(Exercise)
Please retype exactly the lines from the one containing "Al llegar al" through the end of the records, leaving out the pictures.

(Available data)
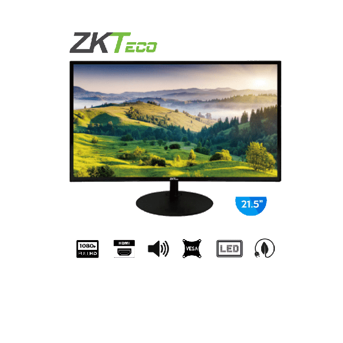 ZKTECO ZD222K - Monitor LED Full HD de 21.5 pulgadas / Resolución 1920 x 1080 / 1 Entrada de video HDMI y 1 VGA / Altavoces Incorporados / Ángulo de Visión Horizontal 170° / Soporte VESA / Ahorro de Energía / 24/7 / Incluye Cable HDMI
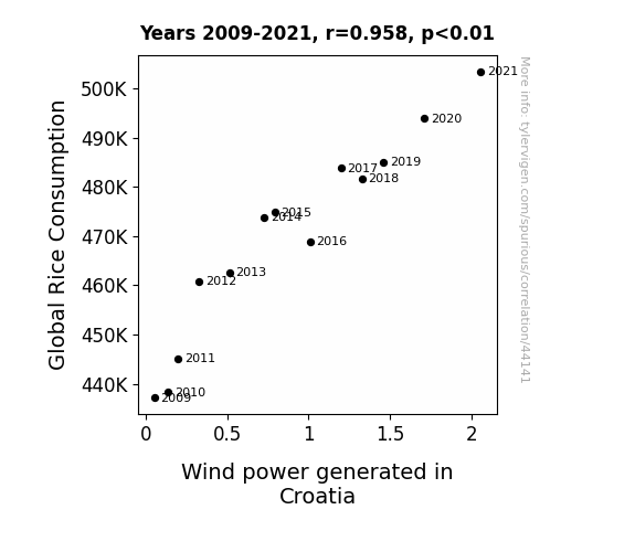 This means 91.8% of the change in the one variable (i.e., Wind power generated in Croatia) is predictable based on the change in the other (i.e., Global Rice Consumption) over the 13 years from 2009 through 2021.
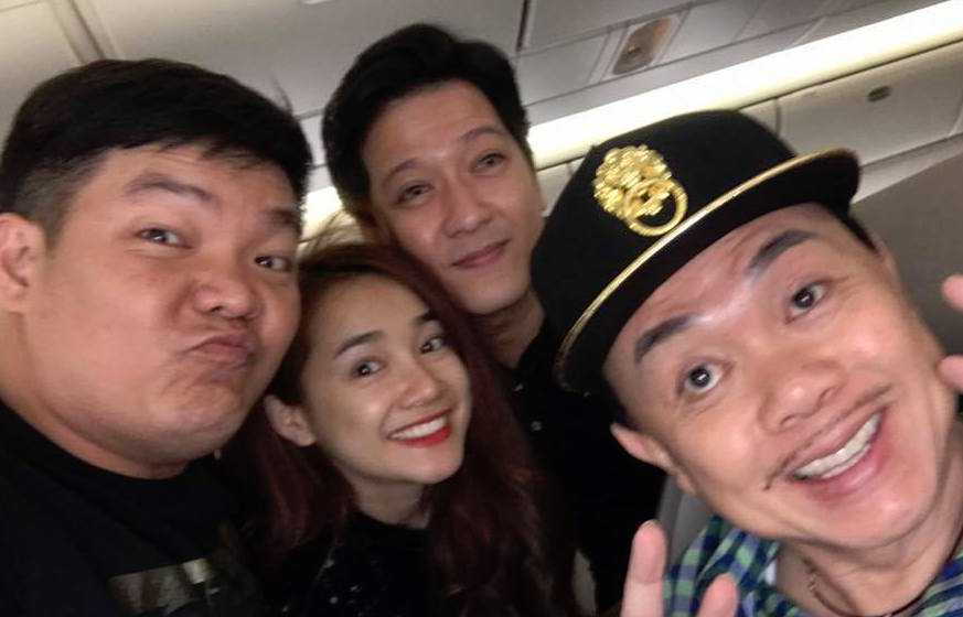 Trường Giang, Nhã Phương cùng danh hài Chí Tài và người quản lý trên chuyến bay sang Mỹ.
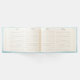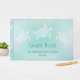 This lake house guest book feature a coastal design in soft colours, white turtles on a soft shiny turquoise background.
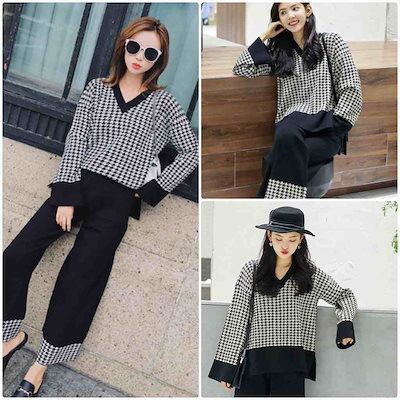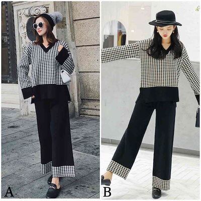 レディース 2点上下セット ニット 千鳥格子 チェック柄 Vネック アンクルパンツ ゆったり 長袖 カジュアル 可愛い フェミニン きれいめ 上品 エレガント おしゃれ お出かけ オフィス お呼ば
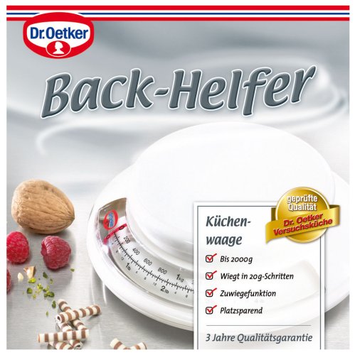 Wiegen sie sich in Sicherheit. Denn die Dr. Oetker Backwage analog, arbeitet präzise, clever und zuverlässig. Mit dieser Küchenhilfe gelingt ihnen jedes Gericht mit Leichtigkeit. , 2 kg Tragkraft , 20 g-Teilung , Mit mechanischer Zuwiegefunktion , Platzsparend verstaubar , Länge: 18,5 cm , Breite: 17,5 cm , Höhe: 6,4 cm , Lieferumfang:1 Dr. Oetker Backwaage analog, Küchenwaage, 1531
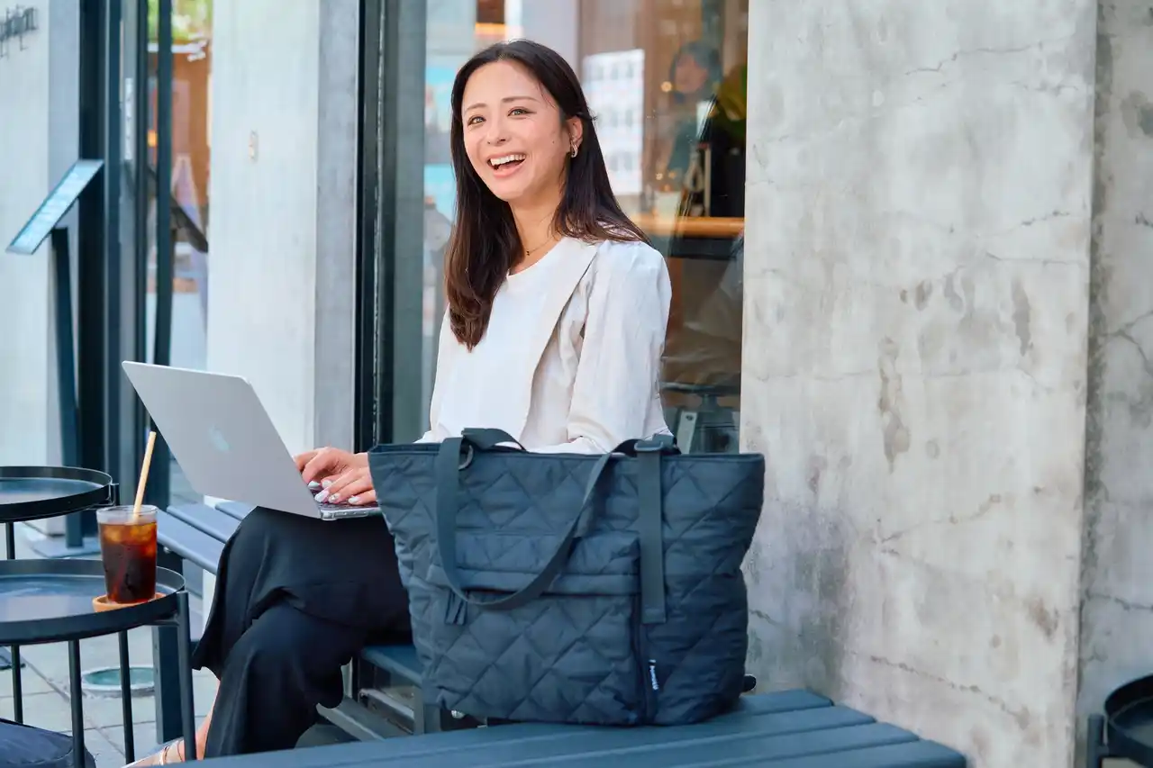 | シンプルながら上質なキルティング素材は、育児用バッグの枠を超え、ビジネスから普段使いまで幅広く対応。 | |||||||||
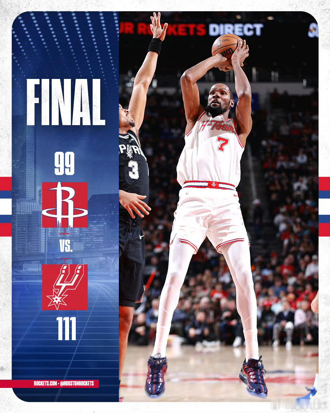 全场比赛结束!火箭99-111马刺!杜兰特24分2板6助、阿门25分7板4助3断、申京18分10板7助2断、伊森10分6板3断、谢泼德9分5板2帽、史密斯8分7板2助、卡佩拉5分4板2帽、奥科吉3板3助、芬尼史密斯2板、霍勒迪1助!马刺vs火箭休斯顿火箭
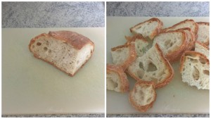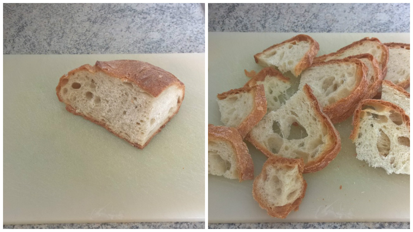 - Prendete del pane pugliese e affettatelo in modo da ottenere dei crostoni.
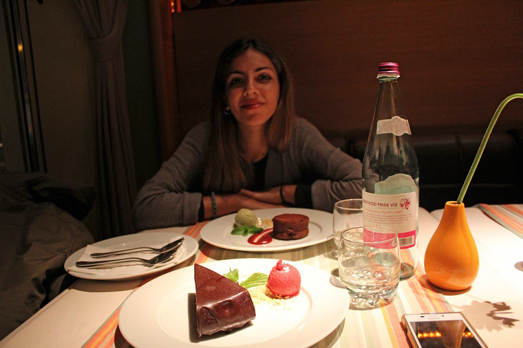 Al llegar al restaurante Menza nos quedamos con la boca abierta de lo chulo y chik que era, con su hilo musical, su luz ambiente, su gente guay... y nosotros con nuestras pintas de turistas cargados de mochila y cámara, además el servicio fue excepcional. El momento estrella del restaurante fue al probar nuestro deseado goulash que se nos había resistido mucho ¡¡estuvimos a punto de volver a Madrid sin haberlo probado después de 4 días!! y bueno, yo pedí una sopa de la casa un poco a ciegas imaginando que sería estilo goulash pero no, y después un postre. Todo estaba delicioso así que nos fuimos de allí con muy buen sabor de boca. Y para nuestra sorpresa: la cuenta en total vinieron a ser unos 13 por persona al cambio.
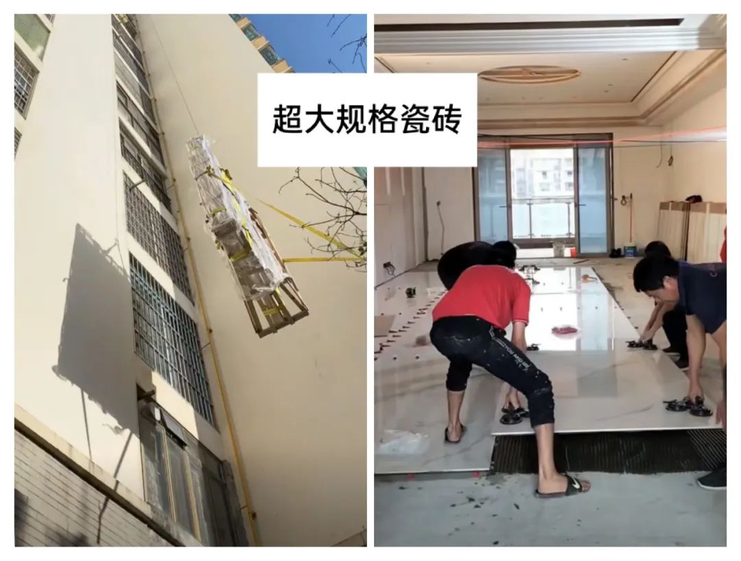 坑②:超大规格瓷砖   首先,选择900×1800㎜及以上规格的瓷砖,意味着家里的空间不能太小,否则涉及到切割的地方会造成很多损耗;其次,选择超大规格的瓷砖也要做好预算,因为贵的不仅仅是砖。如果瓷砖太大不能上电梯,请人工搬上楼或者叫吊机都是一笔不小的费用;一片大规格瓷砖要两个以上的师傅一起才能贴好,工费也多了;贴大规格瓷砖不好用普通的水泥砂浆,要用好一点的辅料,又增加了一笔费用……   买瓷砖想避免选错尺寸其实很简单,只需记住3句口诀:经济型性价比家装选800,小户型高品质家装选715,别墅或大平层家装选918。(注:800×800㎜简称800,750×1500㎜简称715,900×1800㎜简称918)

(Written answer)
 Al llegar al restaurante Menza nos quedamos con la boca abierta de lo chulo y chik que era, con su hilo musical, su luz ambiente, su gente guay... y nosotros con nuestras pintas de turistas cargados de mochila y cámara, además el servicio fue excepcional. El momento estrella del restaurante fue al probar nuestro deseado goulash que se nos había resistido mucho ¡¡estuvimos a punto de volver a Madrid sin haberlo probado después de 4 días!! y bueno, yo pedí una sopa de la casa un poco a ciegas imaginando que sería estilo goulash pero no, y después un postre. Todo estaba delicioso así que nos fuimos de allí con muy buen sabor de boca. Y para nuestra sorpresa: la cuenta en total vinieron a ser unos 13 por persona al cambio.
 坑②:超大规格瓷砖   首先,选择900×1800㎜及以上规格的瓷砖,意味着家里的空间不能太小,否则涉及到切割的地方会造成很多损耗;其次,选择超大规格的瓷砖也要做好预算,因为贵的不仅仅是砖。如果瓷砖太大不能上电梯,请人工搬上楼或者叫吊机都是一笔不小的费用;一片大规格瓷砖要两个以上的师傅一起才能贴好,工费也多了;贴大规格瓷砖不好用普通的水泥砂浆,要用好一点的辅料,又增加了一笔费用……   买瓷砖想避免选错尺寸其实很简单,只需记住3句口诀:经济型性价比家装选800,小户型高品质家装选715,别墅或大平层家装选918。(注:800×800㎜简称800,750×1500㎜简称715,900×1800㎜简称918)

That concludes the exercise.